The DDR, genomic stability and cancer

Over 30 years ago it was established that cells within a tumor are derived from a single genetically unstable cell, and that the population as a whole continues to acquire further chromosomal abnormalities over time [47]. However, the precise mechanisms of acquisition of these abnormalities have remained unclear. Hereditary cancers are often characterized by the presence of a specific type of genomic instability, termed chromosomal instability (CIN). In these cancers, CIN can often be attributed to mutation in DNA repair genes, suggesting that the drive behind tumor development is the increase in spontaneous genetic mutation resulting from a lack of appropriate management of DNA damage [48]. A second form of genomic instability, termed microsatellite instability (MIN), is also associated with defects in DNA repair, namely the mismatch repair system [49]. However, in non-hereditary sporadic tumors, the picture is less clear.

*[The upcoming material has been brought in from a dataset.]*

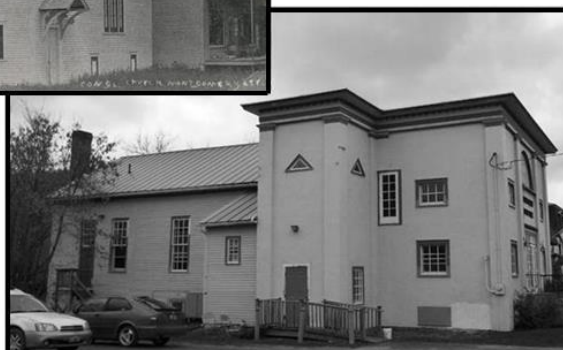
Crescent Theater Modifications

Many of the DDR components including BRCA1 [50] and BRIT1 [38] are known to be lost or mutated in human tumors, and patients suffering from ataxia telangiectasia are known to be susceptible to tumors, as mentioned above.

While the loss of BRCA1 has been shown to lead to the development of mammary tumors in mouse models, the genetic diversity within those tumors suggests that the loss of BRCA1 is not directly responsible for tumorigenesis. It is more likely, therefore, that the role of BRCA1 in the initiation of cancer is a result of its effects on DNA repair and the maintenance of genomic integrity [51]. These mouse models, coupled with the study of human BRCA1 −/− tumors, has revealed a prevalence for p53 mutations in these tumors, which is likely to be caused by the decrease in genomic stability associated with the defects in DNA repair (reviewed in [52]).

Similar to BRCA1 −/− tumors, BRIT1 −/− tumors also display numerous chromosomal aberrations. Interest-ingly, BRIT1 is expressed on the short arm of chromosome 8, a region which has been found to be altered in various forms of cancer [53-56]. A significant increase in cancer susceptibility was also noted in mice crossed from both BRIT1 −/− and p53 −/− backgrounds [38]. Taken together, these data suggest that the loss of cell cycle checkpoints confers a selection advantage to cells with DNA repair defects, thereby triggering tumorigenesis in genetically unstable cells. The reduction in BRIT1 expression correlates significantly with an increase in genomic instability, as well as with the metastatic potential of the tumor. Further studies will be required to determine whether this involvement in metastasis is a result of acquired genetic mutations resulting from DNA repair defects, or whether other binding partners of BRIT1 are required for this process.

The DDR and ageing

In addition to its role in the maintenance of genomic integrity, the DDR has been hypothesized to play a critical role in organismal ageing. Ageing, resulting from the accumulation of damage to molecules, cells, organs and tissues over time, is believed to be caused by two cellular processes: senescence and apoptosis.

Senescence.

Senescence was first described by Hayflick and Moorhead in 1961 when it was noted that fibroblasts entered a state of permanent growth arrest following serial cultivation; a fate that was not shared by cancer cells [57]. Further study has revealed different forms of senescence, namely replicative senescence and oncogene-induced senescence, both of which involve aspects of the DDR.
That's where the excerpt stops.